> **ACTIVITY**
Return only the lines from the start of the records through the line that contains "Operation of the", inclusive; leave out all pictures.

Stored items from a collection

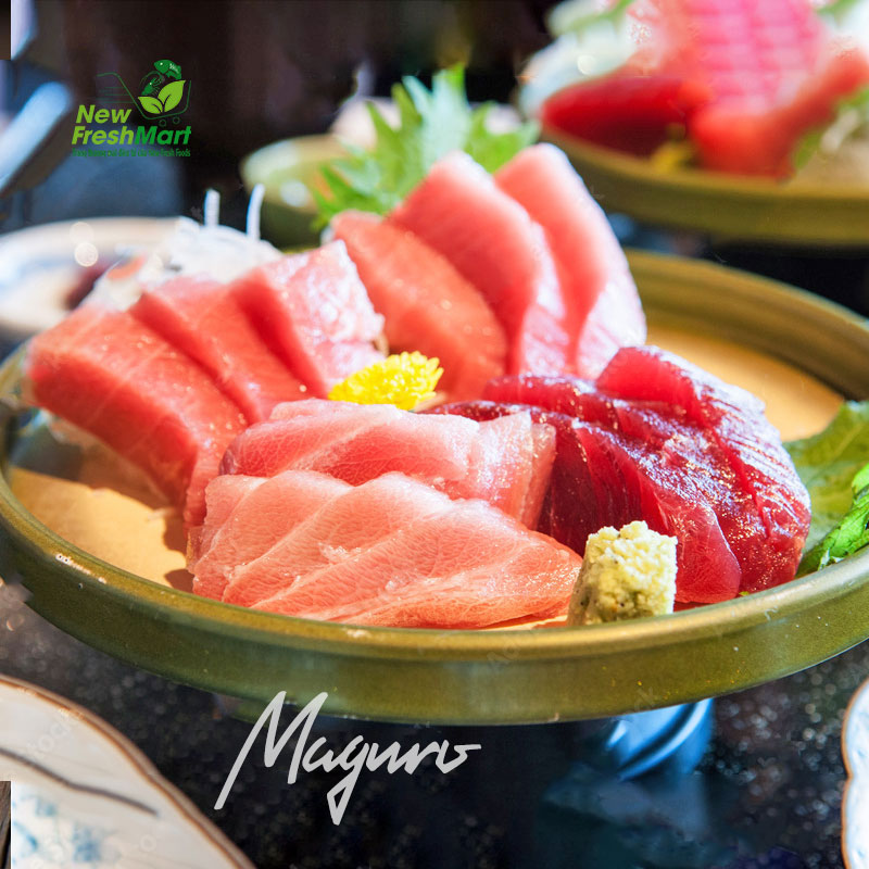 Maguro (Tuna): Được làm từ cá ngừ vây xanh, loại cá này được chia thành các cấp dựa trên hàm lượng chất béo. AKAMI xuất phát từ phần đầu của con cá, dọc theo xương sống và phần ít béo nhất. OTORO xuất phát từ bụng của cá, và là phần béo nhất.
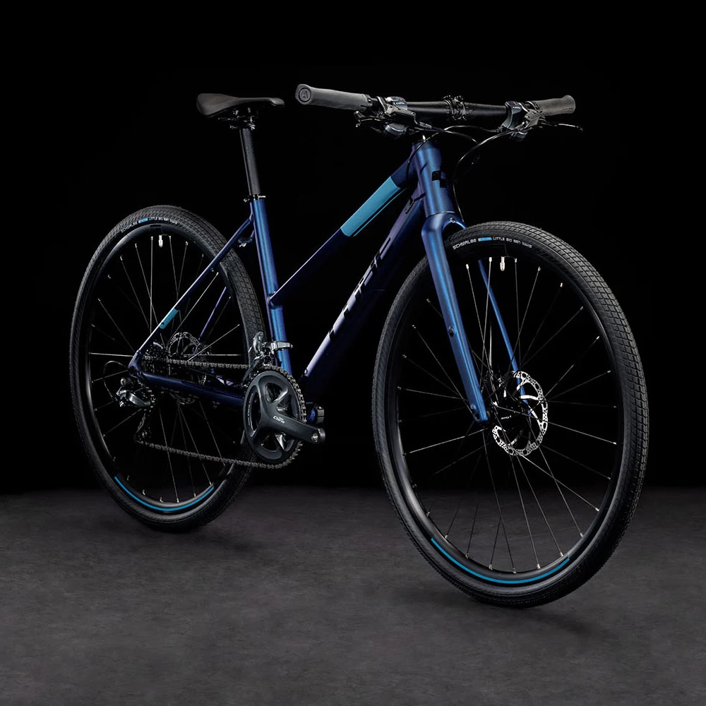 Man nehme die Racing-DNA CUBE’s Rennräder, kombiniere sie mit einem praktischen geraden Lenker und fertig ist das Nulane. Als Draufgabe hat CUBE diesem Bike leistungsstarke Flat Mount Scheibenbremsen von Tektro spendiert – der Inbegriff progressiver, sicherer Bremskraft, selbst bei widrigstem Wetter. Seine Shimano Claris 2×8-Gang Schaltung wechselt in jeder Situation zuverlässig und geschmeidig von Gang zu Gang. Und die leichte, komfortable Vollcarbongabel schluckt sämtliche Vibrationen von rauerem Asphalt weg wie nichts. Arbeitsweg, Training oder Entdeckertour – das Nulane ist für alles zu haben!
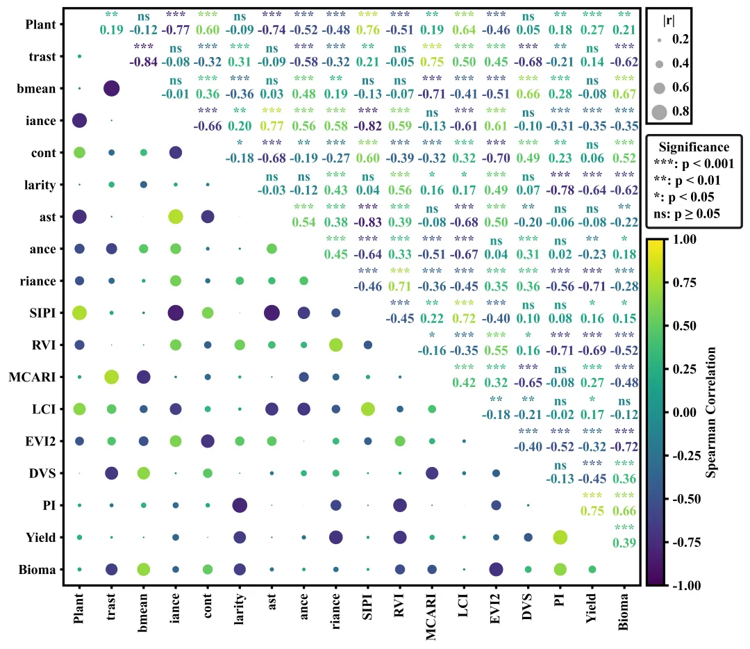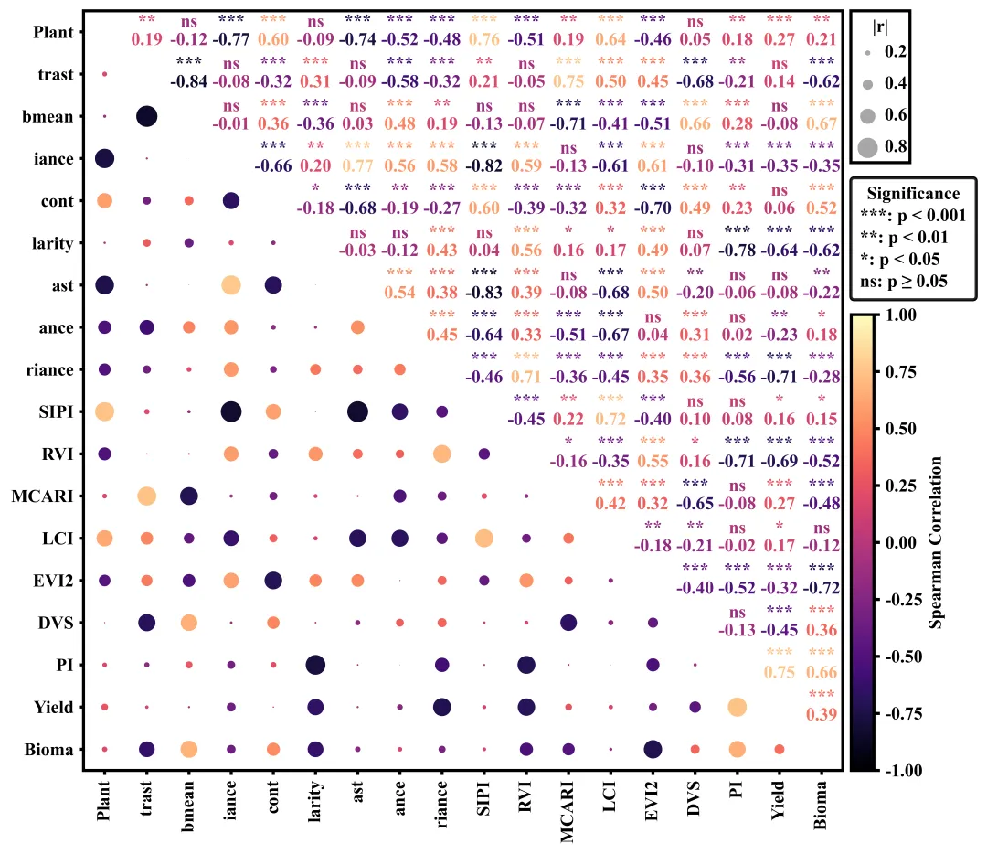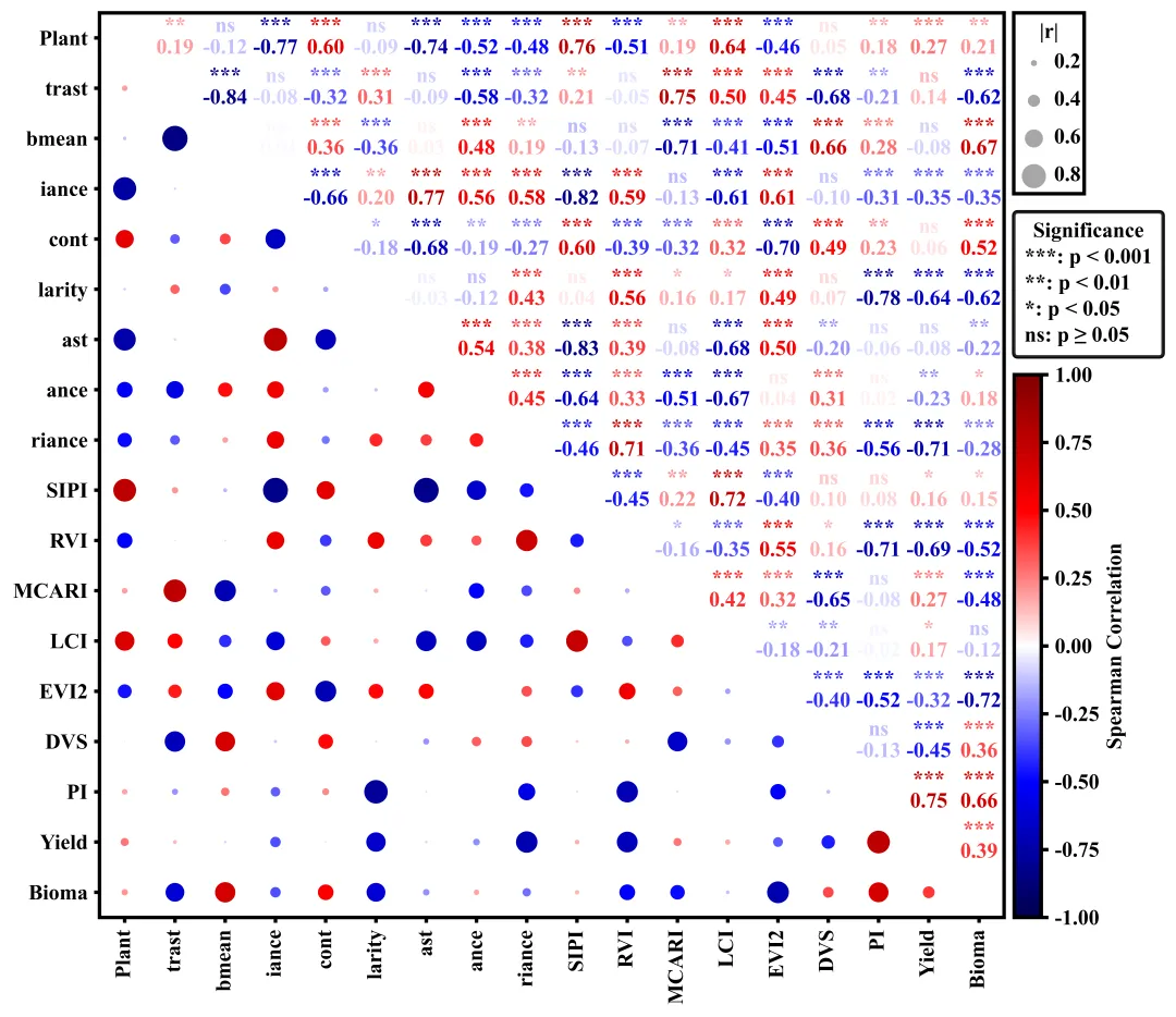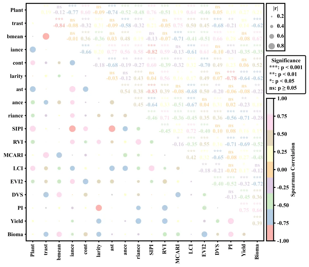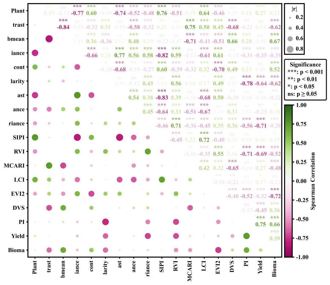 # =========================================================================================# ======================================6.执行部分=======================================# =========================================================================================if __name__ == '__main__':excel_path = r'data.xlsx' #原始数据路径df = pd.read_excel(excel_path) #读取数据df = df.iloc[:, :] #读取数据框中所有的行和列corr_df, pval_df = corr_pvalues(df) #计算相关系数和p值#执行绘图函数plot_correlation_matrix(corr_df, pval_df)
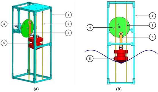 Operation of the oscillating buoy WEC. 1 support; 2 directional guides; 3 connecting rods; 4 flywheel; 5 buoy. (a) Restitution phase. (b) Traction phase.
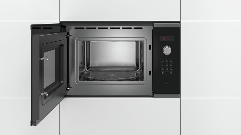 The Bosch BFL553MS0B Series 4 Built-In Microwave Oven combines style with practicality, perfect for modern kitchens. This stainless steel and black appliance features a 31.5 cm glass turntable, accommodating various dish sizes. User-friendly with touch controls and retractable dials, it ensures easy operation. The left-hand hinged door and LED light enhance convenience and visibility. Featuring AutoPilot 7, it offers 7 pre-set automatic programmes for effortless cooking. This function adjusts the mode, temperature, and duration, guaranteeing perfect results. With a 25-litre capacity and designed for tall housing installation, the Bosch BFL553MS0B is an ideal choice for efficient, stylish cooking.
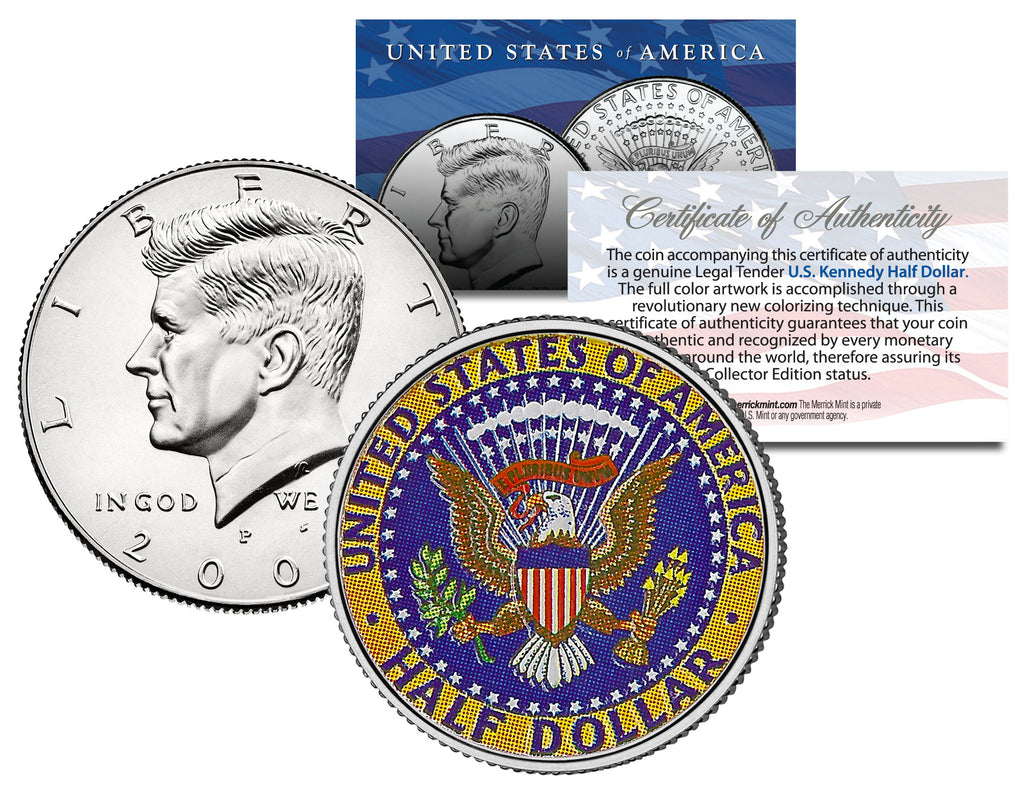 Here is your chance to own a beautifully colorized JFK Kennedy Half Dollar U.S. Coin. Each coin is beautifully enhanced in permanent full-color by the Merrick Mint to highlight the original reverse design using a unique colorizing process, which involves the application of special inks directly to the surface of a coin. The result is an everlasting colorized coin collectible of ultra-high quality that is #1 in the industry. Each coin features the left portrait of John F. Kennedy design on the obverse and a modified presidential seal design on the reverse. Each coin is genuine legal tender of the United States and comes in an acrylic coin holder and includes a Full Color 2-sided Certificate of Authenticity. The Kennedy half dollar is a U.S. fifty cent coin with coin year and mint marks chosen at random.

> **FINISHED EXERCISE**
 Maguro (Tuna): Được làm từ cá ngừ vây xanh, loại cá này được chia thành các cấp dựa trên hàm lượng chất béo. AKAMI xuất phát từ phần đầu của con cá, dọc theo xương sống và phần ít béo nhất. OTORO xuất phát từ bụng của cá, và là phần béo nhất.
 Man nehme die Racing-DNA CUBE’s Rennräder, kombiniere sie mit einem praktischen geraden Lenker und fertig ist das Nulane. Als Draufgabe hat CUBE diesem Bike leistungsstarke Flat Mount Scheibenbremsen von Tektro spendiert – der Inbegriff progressiver, sicherer Bremskraft, selbst bei widrigstem Wetter. Seine Shimano Claris 2×8-Gang Schaltung wechselt in jeder Situation zuverlässig und geschmeidig von Gang zu Gang. Und die leichte, komfortable Vollcarbongabel schluckt sämtliche Vibrationen von rauerem Asphalt weg wie nichts. Arbeitsweg, Training oder Entdeckertour – das Nulane ist für alles zu haben!
 # =========================================================================================# ======================================6.执行部分=======================================# =========================================================================================if __name__ == '__main__':excel_path = r'data.xlsx' #原始数据路径df = pd.read_excel(excel_path) #读取数据df = df.iloc[:, :] #读取数据框中所有的行和列corr_df, pval_df = corr_pvalues(df) #计算相关系数和p值#执行绘图函数plot_correlation_matrix(corr_df, pval_df)
 Operation of the oscillating buoy WEC. 1 support; 2 directional guides; 3 connecting rods; 4 flywheel; 5 buoy. (a) Restitution phase. (b) Traction phase.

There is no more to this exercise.